Aerobic Cardio Makes You Fat



If you’ve ever wanted to lose weight, chances are one of the first things you added to your fat loss program was cardio.  Traditional thought has told us, if we put in our time on the road, treadmill, bike, or whatever means we choose that we will expend enough calories to lose weight.  So off we go, 30 to 45 minutes later we’ve burned through hundreds of calories and are feeling great.  We keep this up 3+ times a week for month after month.  At first we’re losing weight and feeling good.  Then it happens.  The weight loss stops and frustration sets in.  Why can’t I lose weight?!?!  Maybe I need to do more cardio to burn more calories…so off we go again.  60 to 75 minutes later we’re feeling accomplished again.  But why isn’t the scale changing?  I haven’t lost a single pound after weeks of doubling, maybe even tripling my cardio!  I lost weight at first, why isn’t it working anymore!?! 

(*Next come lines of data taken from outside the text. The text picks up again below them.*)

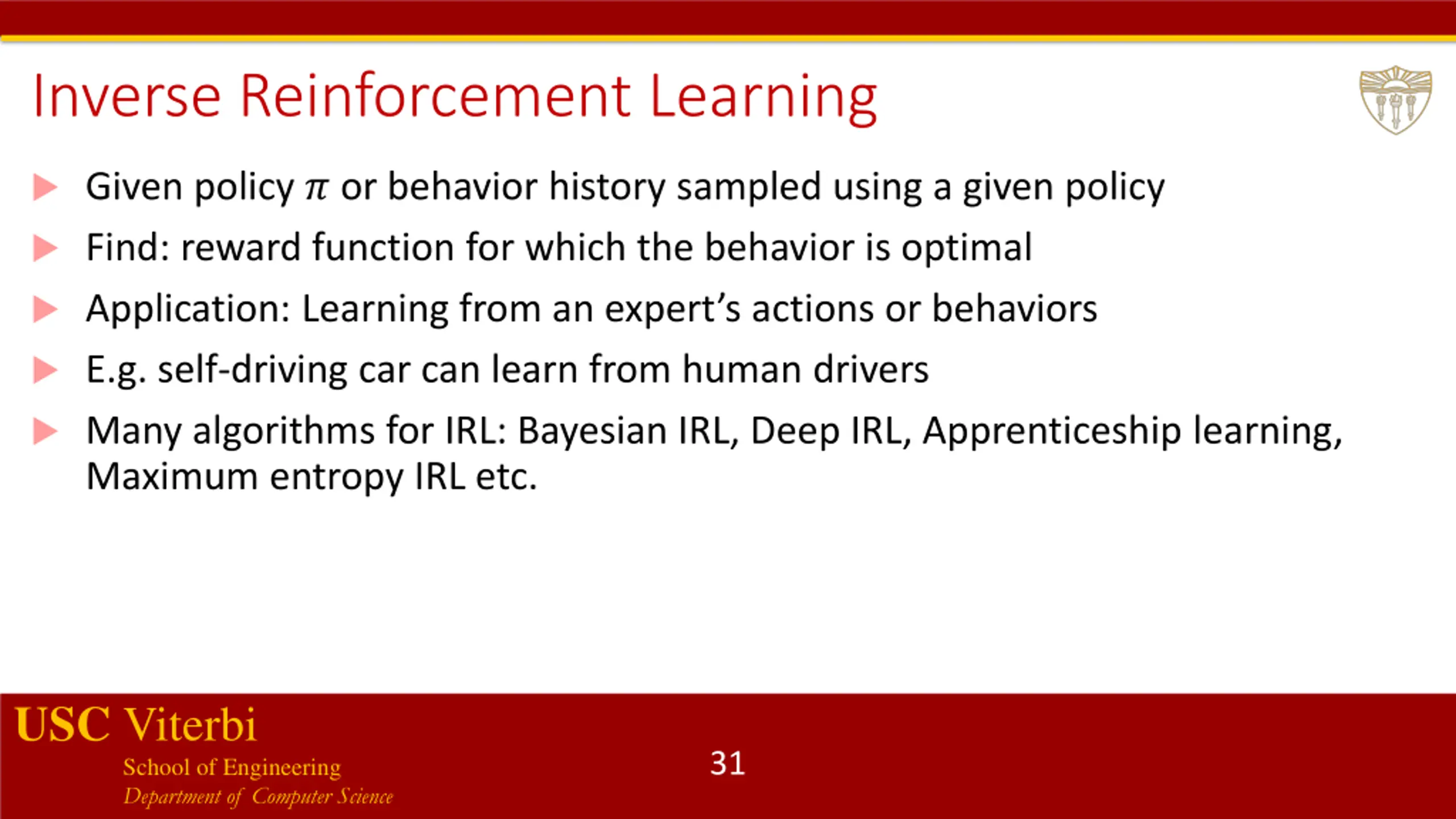 Inverse Reinforcement Learning Given policy ? or behavior history sampled using a given policy Find: reward function for which the behavior is optimal Application: Learning from an expert s actions or behaviors E.g. self-driving car can learn from human drivers Many algorithms for IRL: Bayesian IRL, Deep IRL, Apprenticeship learning, Maximum entropy IRL etc. USC Viterbi School of Engineering Department of Computer Science 31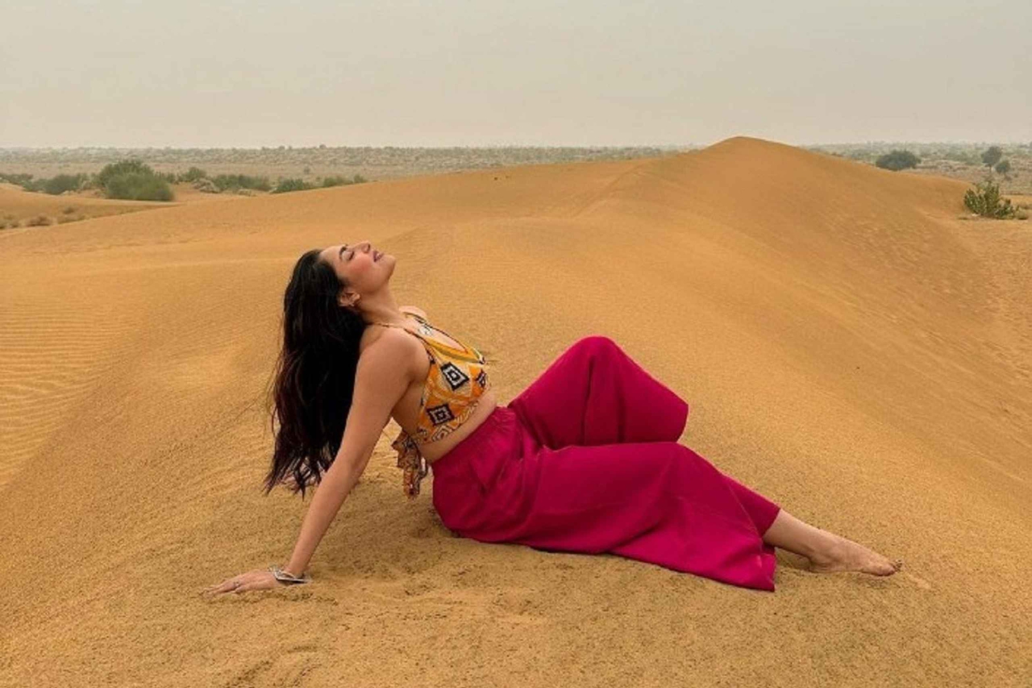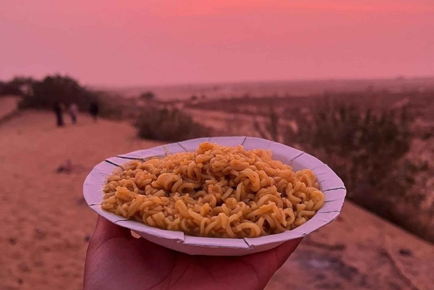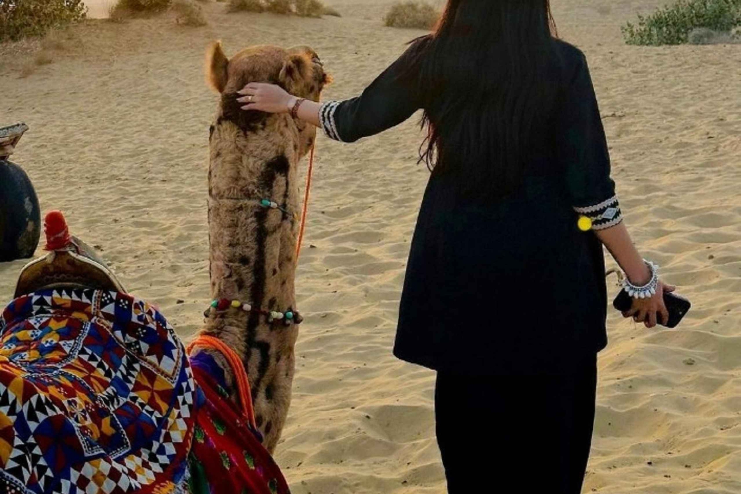 あなたの冒険は午後 2 時 30 分にジャイサルメールのホテルへのお迎えで始まります まで車で移動、発見まで 1 時間 20 分です。砂丘に向かう途中で、クルダラ放棄村、カバ MT フォート、自然のオアシスを訪れます。 フレンドリーなガイドと健康なラクダが温かく迎えてくれます。 • ラクダに乗って砂漠まで約45分間お楽しみください。その後、4x4ジープ・サファリ・デューンズ・バッシングを開いてください。 • 砂丘に立ち寄り、美しい夕日を眺め、紅茶やコーヒーとともにおいしい軽食を味わいましょう。 • フレンドリーなラクダの運転手が薪の火で調理したおいしいディナー。 • その後、たき火の周りに座って、伝統的な本格的なおいしい野菜をお召し上がりください。夕食。 ジープに乗ってホテルのバック ジャイサルメール ドロップまで行き、午後 10 時までに到着します。 *Rumiチームとのツアーの永遠の思い出とともにツアーは終了します 注: 予約時に簡単に受け取りできるよう、正確な受け取り場所の詳細をお知らせください。Includes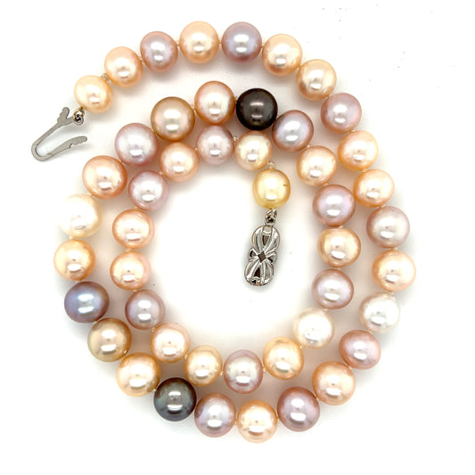 Multicolor Pearl Necklace with Forty-Seven 9.5mm Pearls and 14K White Gold Catch

It may be true that aerobic cardio can help you lose some weight when you first start exercising.  But plenty of research has been developed over the years to show that the more efficient you become with repetitive aerobic exercise (i.e. running) the LESS calories you expend per minute while exercising, requiring you to run further and longer to get the same calorie burning effect.  Even then as you increase your mileage again and again over time, unless you’re a professional endurance athlete who carefully plans their life around training, your body will reach a tipping point where the stress from overtraining will eventually lead to burnout or possibly even an injury. 

A 2006 study showcases this effect.  Over 12,000 runners were followed for 9 years.  A majority of these runners gained body fat and waist circumference over the years.  The ones who gained the most fat were the runners who dropped their mileage, primarily due to the unavoidable injury that occurs from a repetitive and unbalanced training program.  But the real highlight of this study was that even the runners who maintained or slightly increased their mileage saw an increase in body fat.  The body adapts to regular aerobic exercise by using less oxygen and energy to perform the most amount of work possible.  This increase in efficiency may help performance, but it doesn’t help your waistline.  At the same time, regular aerobic exercise will also create a catabolic affect in your body, breaking down muscle tissue from the stress effect of repetitive, long duration exercise.  Since a pound of muscle burns up to 10 times more energy then a pound of fat, this drop in muscle mass will decrease your resting metabolic rate.  Not only are you burning fewer calories during exercise, but now you’re burning less at rest.  Thus, you complete your recipe for weight gain.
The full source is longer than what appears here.